心房細動(AF)は心血管疾患(CVD)の危険因子であることが知られているが、これまで高齢2型糖尿病患者におけるAF発症率の正確な推計はなかった。東京医科大学病院循環器内科講師の松本知沙氏らは、日本の2型糖尿病患者におけるアスピリンの有用性を検討したJPAD2試験の参加者を対象に、高齢2型糖尿病患者のAF発症率と予後を検討。その結果、年間約200人に1人がAFを発症しており、AF発症群では年間約20人に1人が死亡、約30人に1人に脳心血管イベントが発生し、CVDリスクがAF非発症群の2~5倍に上ったとBMJ Open Diab Res Care2022;10:e002745)に発表した。

平均年齢65歳を中央値10.9年追跡

 JPAD2試験は、2002年12月~05年5月に日本全国の163施設から30~85歳の2型糖尿病患者2,535例を登録し、低用量アスピリンによる心血管イベントの初発予防効果を検討したランダム化比較試験JPADの延長試験。2008年4月のJPAD試験終了後から全例を2019年まで追跡した。

 今回の解析では、JPAD2試験の参加者2,535例(ベースラインの平均年齢65歳、糖尿病罹病期間の中央値7.0年)におけるAF発症率を算出し、AFの発症群と非発症群における脳心血管イベントの発生率を比較した。

 その結果、追跡期間中央値10.9年におけるAF発症は132例で、AF発症率は1,000人・年当たり5.14と算出され、年間約200人に1人がAFを発症していることが示された。

AF発症群で冠動脈疾患リスク2倍、心不全リスク5倍

 各イベントの発生率(1,000人・年当たり)の比較では、AF発症群はAF非発症群に比べて脳心血管イベント(35.08 vs. 12.93、P<0.0001)、脳卒中(17.93 vs. 6.67、P=0.003)、冠動脈疾患(19.2 vs. 6.52、P=0.0003)、心不全(20.03 vs. 2.09、P<0.0001)の発生率が有意に高かった(全てlog-rank test)。AF発症群では年間約30人に1人に脳心血管イベントが発生していることが示された。

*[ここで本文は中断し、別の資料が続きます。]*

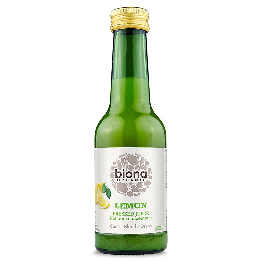 "Biona Organic Lemon Juice is made from 100% natural organic ingredients with no added sugar. This pure pressed lemon juice is not from concentrate and has the tart, refreshing taste of freshly squeezed lemons, perfect added to juices, salad dressings or used in cooking and baking."
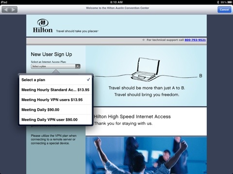 The iPad experiment is a failure. It is Hilton’s fault. After charging $169 per night for a room they want more for wireless. This is while I will not use Hilton Hotels on non-business travel. This is not customer friendly. I will upload all of these at the end. (EDIT: The lobby coffee shop has free internet).

 脳心血管イベントの危険因子を調整後のCox比例ハザードモデルによる解析でも、AF発症群はAF非発症群に比べて脳心血管イベント〔調整後ハザード比(aHR)1.65、95%CI 1.03~2.66〕、冠動脈疾患(同1.96、1.03~3.73)、心不全(同5.17、2.46~10.89)のリスクが有意に高かった。一方、脳卒中リスクの有意な上昇は認められなかった(aHR1.54、95%CI 0.81~2.93)。

AF発症で全死亡率も上昇

 また、AF発症群ではAF非発症群に比べて全死亡率(1,000人・年当たり)が有意に高く(49.34 vs. 17.80、HR 1.82、95%CI 1.24~2.67)、年間約20人に1人が死亡していることが示された。

 以上を踏まえ、松本氏らは「AFを発症した高齢2型糖尿病患者は、AF非発症例と比べてCVD発症リスクが有意に高かった。高齢2型糖尿病患者に対しては、AFの新規発症を適時検出するために慎重なフォローアップが必要である」と結論している。

 また、危険因子を調整後に有意な脳卒中のリスク上昇が認められなかった点について、同氏らは「この理由は説明できないが、脳卒中イベント数が少なかったために有意なリスク上昇がマスクされた可能性がある」と考察。その上で、「AF発症群における脳卒中の発生率自体は1,000人・年当たり17.93と高いことから、高齢2型糖尿病患者には慎重なフォローアップが必要であることは間違いない」と付言している。